--- AVAILABLE DATA Enclosed Below ---

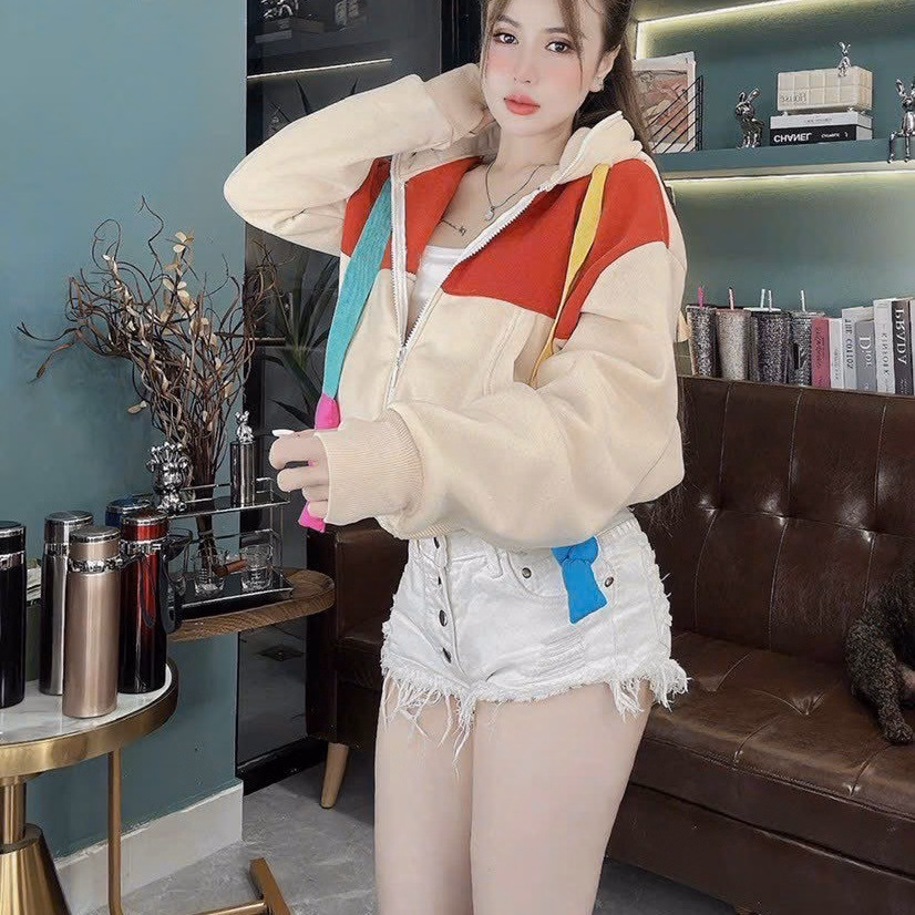 Áo Khoác Nỉ Nữ Phối Theo Phong Cách Hàn Quốc Với Dáng Form Lửng Có Dây Nhiều Màu Siêu Nổi Chất Liệu Vải Nỉ Dệt Siêu Cute Mát Mẻ Hàng Hot Trend-Htm Fashion
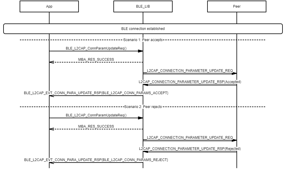 L2CAP Connection Parameter Update Procedure Example demonstrating L2CAP Connection Parameter Update procedure for a peripheral device Example demonstrating L2CAP Connection Parameter Update procedure for a central device
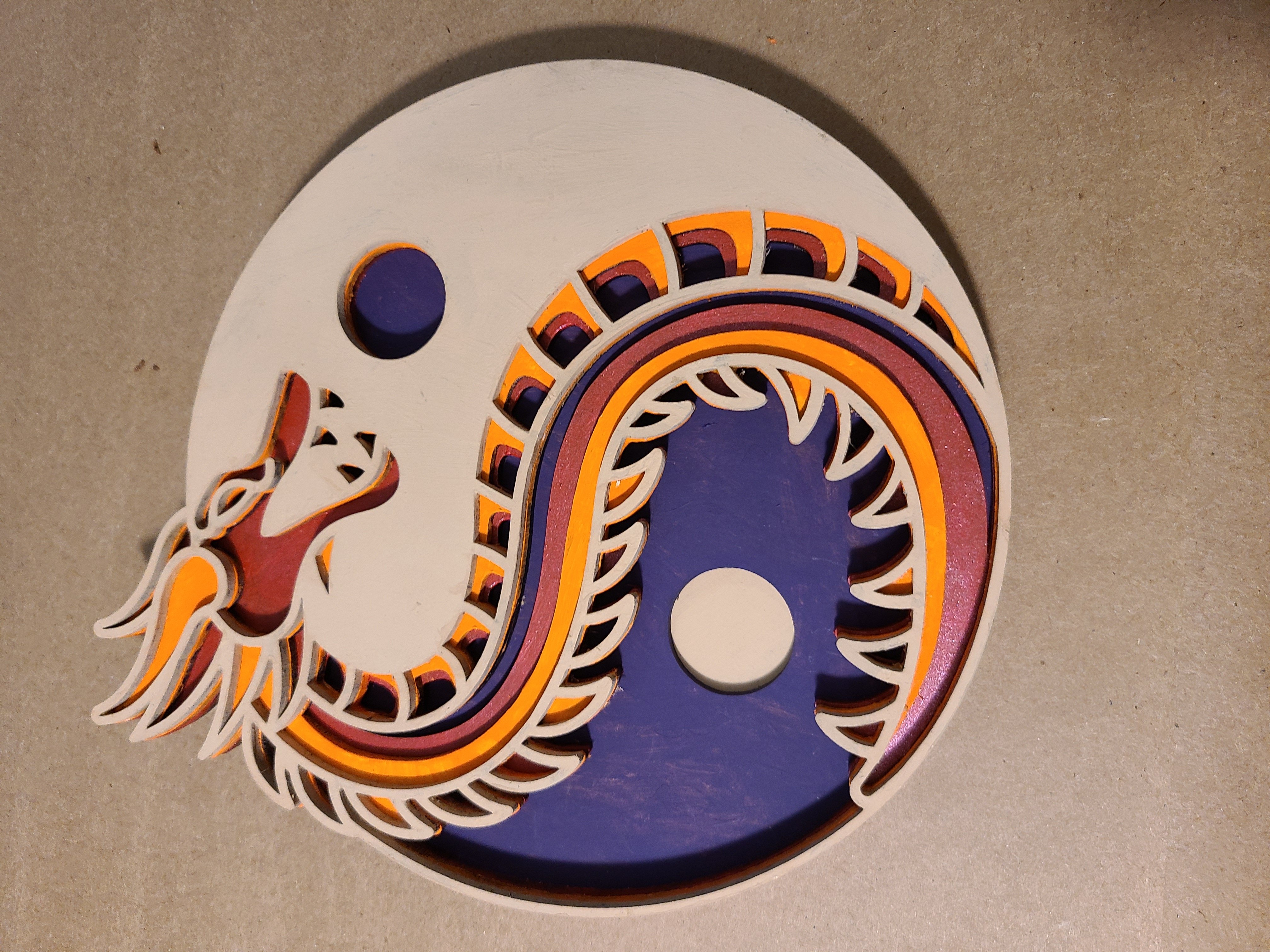Are you a fan of dragons? This is a 5-layer laser cutting template of circular Yin and Yang with dragon as divider of the two elements.

--- End of Enclosed AVAILABLE DATA ---

Return every line shown above without changing a word, and skip the pictures.

| REPLY TO THE TASK |
 Áo Khoác Nỉ Nữ Phối Theo Phong Cách Hàn Quốc Với Dáng Form Lửng Có Dây Nhiều Màu Siêu Nổi Chất Liệu Vải Nỉ Dệt Siêu Cute Mát Mẻ Hàng Hot Trend-Htm Fashion
 L2CAP Connection Parameter Update Procedure Example demonstrating L2CAP Connection Parameter Update procedure for a peripheral device Example demonstrating L2CAP Connection Parameter Update procedure for a central device
Are you a fan of dragons? This is a 5-layer laser cutting template of circular Yin and Yang with dragon as divider of the two elements.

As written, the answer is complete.